Back to school doesn’t mean back to tech upgrades. As inflation rises without wage growth matching it, and consumer confidence worsens, parents are going online more to find deals, even if they aren’t necessarily buying new tech products, according to Deloitte’s 19th Back-to-School survey.
For the fourth straight year, back-to-school shoppers will spend less per child — $557 — as inflation continues to rise, and 57% of parents believe the economy will get worse in the second half of the year. That’s the highest percentage since the onset of the COVID pandemic in 2020, the survey said.
And that spending will be lower on tech, averaging $417, down 16% from $498 last year. Conversely, parents will spend $323 on clothing, a 22% increase over last year’s $264, as clothing costs rise.
To gather its findings, Deloitte tabbed an independent research panel, which conducted an online survey of 1,207 parents with at least one child entering grades K to 12 this fall. The research was performed from May 22 to May 29, with a margin of error of plus- or minus-3 percentage points.
Less tech spending
Thanks to the AI boom that has led to “RAMageddon” — a global memory chip supply shortage — prices for all types of tech products are significantly higher. Laptops, phones and gaming consoles are hundreds of dollars more expensive, and that won’t ease any time soon.

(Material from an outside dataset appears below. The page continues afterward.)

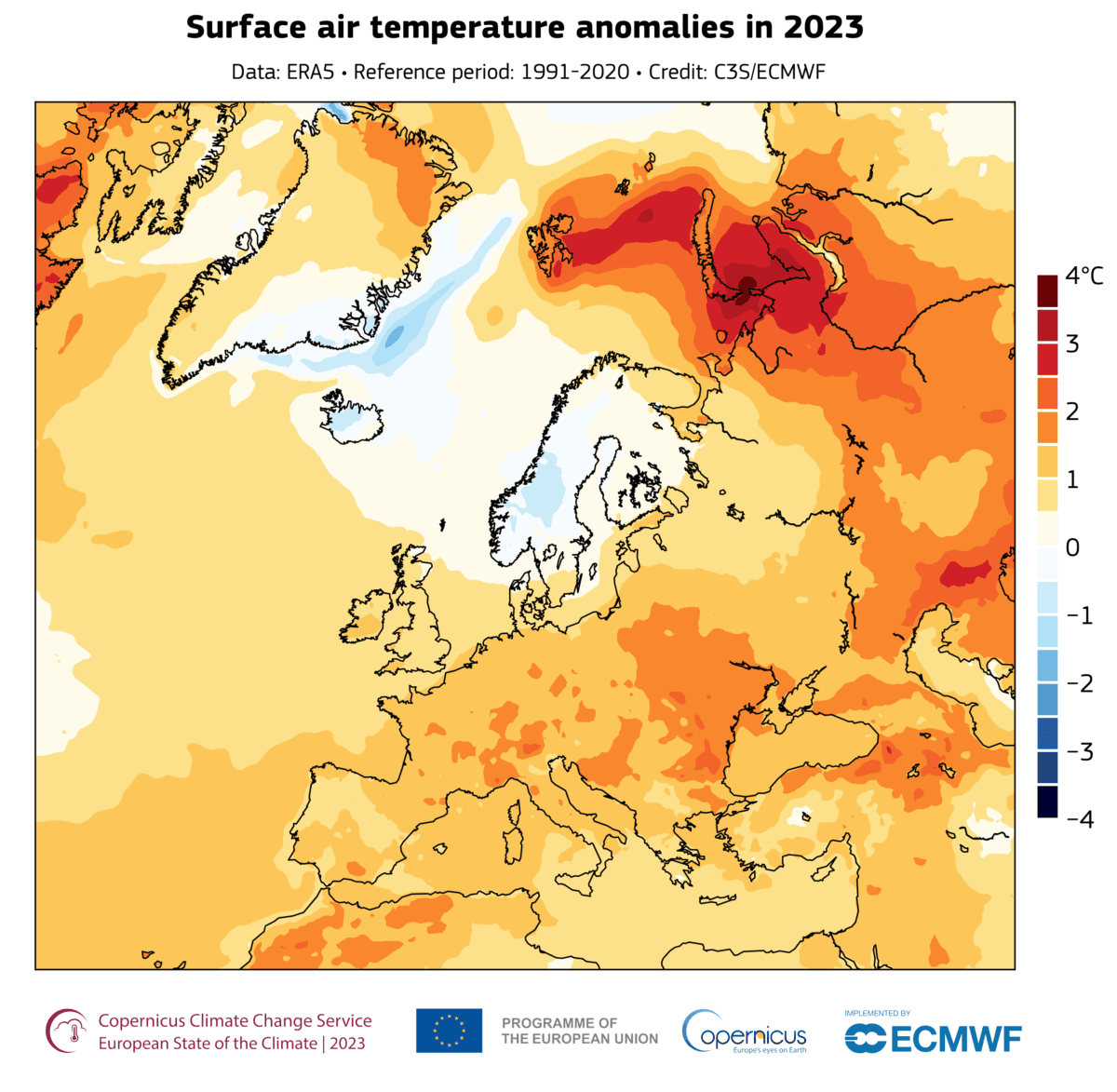Gjennomsnittstemperaturen i Europa i 2023 ble målt til 2,6 °C over nivået i førindustriell tid. Det gjorde fjoråret til det varmeste som er målt, sammen med 2020. Nesten hele Europa hadde temperaturer over gjennomsnittet for tredveårsperioden 1991-2020. Skandinavia, Island og det sørøstlige Grønland var unntak.

Accordingly, parents are holding back on tech purchases for the new school year, Deloitte found. Back-to-school shoppers will spend $81 less on tech, which the survey said includes computers and hardware, gadgets and digital subscriptions.
Gone are the days of rushing to upgrade. A CNET Group TechPulse Research Study found that 73% will keep their devices as long as they still work, and 76% won’t upgrade until they think the new devices are “clearly worth it.”
An online arsenal
Amid worries about the economy, parents are maximizing the internet to get the best bang for their buck. The survey found that 80% of people are using at least one internet tactic, and the more they use, the more they spend. Folks using search, social media and generative AI (like ChatGPT, Gemini and Claude) will spend $737 per child this year — $206 more than parents who are using search and social but not AI, the survey found.

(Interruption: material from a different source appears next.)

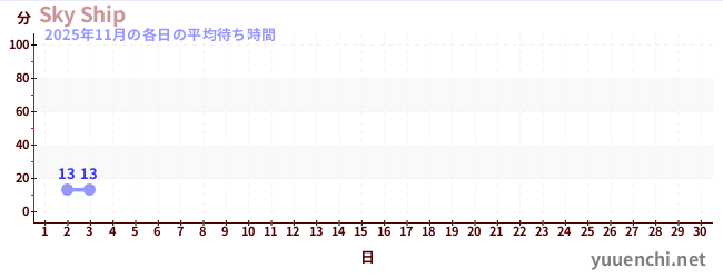 2025/11の一日平均待ち時間 (ヘリコプター)
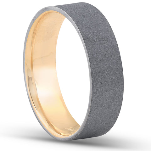 14k Yellow & Black Gold Mens Satin Finish Flat Comfort Fit Wedding Band

Retailers should take note of the correlation, the survey advises. “The implication is clear: The more digitally engaged the shopper, the greater the spending potential,” the authors said.

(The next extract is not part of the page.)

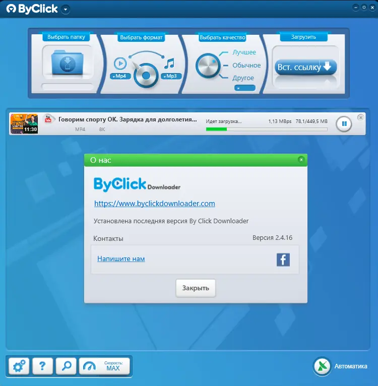 By Click Downloader — это универсальное приложение для быстрого и удобного извлечения видео и аудио из YouTube, Facebook, Vimeo, OK.ru, RuTube и других популярных платформ. Программа поддерживает скачивание отдельных роликов, плейлистов, каналов и конвертацию в различные форматы, включая MP3, MP4, AVI и другие. Утилита совместима с основными браузерами и предлагает как классическую загрузку через URL, так и автоматическое распознавание контента прямо в браузере.

But Deloitte found that back-to-school shoppers are using the internet to learn about promotional events, such as those offered by major merchants like Amazon, Walmart and Target. The survey found that 68% of parents plan to shop during these promos, and 54% said that they often make unplanned purchases spurred by promos and discounts.
These price hunters often wind up spending more as they stretch their budgets to cover more items, the survey said. The researchers classified 31% of parents as “hyper-value seekers,” which are those who use four or more of these strategies: switching to a cheaper brand, choosing a private label over name brands, shopping at more affordable retailers, buying in bulk and using cashback websites. These parents will spend 14% more.
Gen AI’s influence is backed up by recent data. A May report from Adobe Analytics found that consumers who referred to retail websites via AI tools spent 53% more money than shoppers who didn’t. The data showed that people using AI for shopping recommendations stay longer on retailer websites and are more likely to buy something.
Deloitte told CNET that the surveyed parents plan to use AI in various ways this year — comparing prices (22%), researching products (19%), finding new products (15%), budgeting expenses (15%), reading reviews (14%) and completing purchases (10%).
Deloitte said that 67% of retail executives surveyed will have tailored experiences, targeted campaigns and loyalty programs driven by AI within the next year.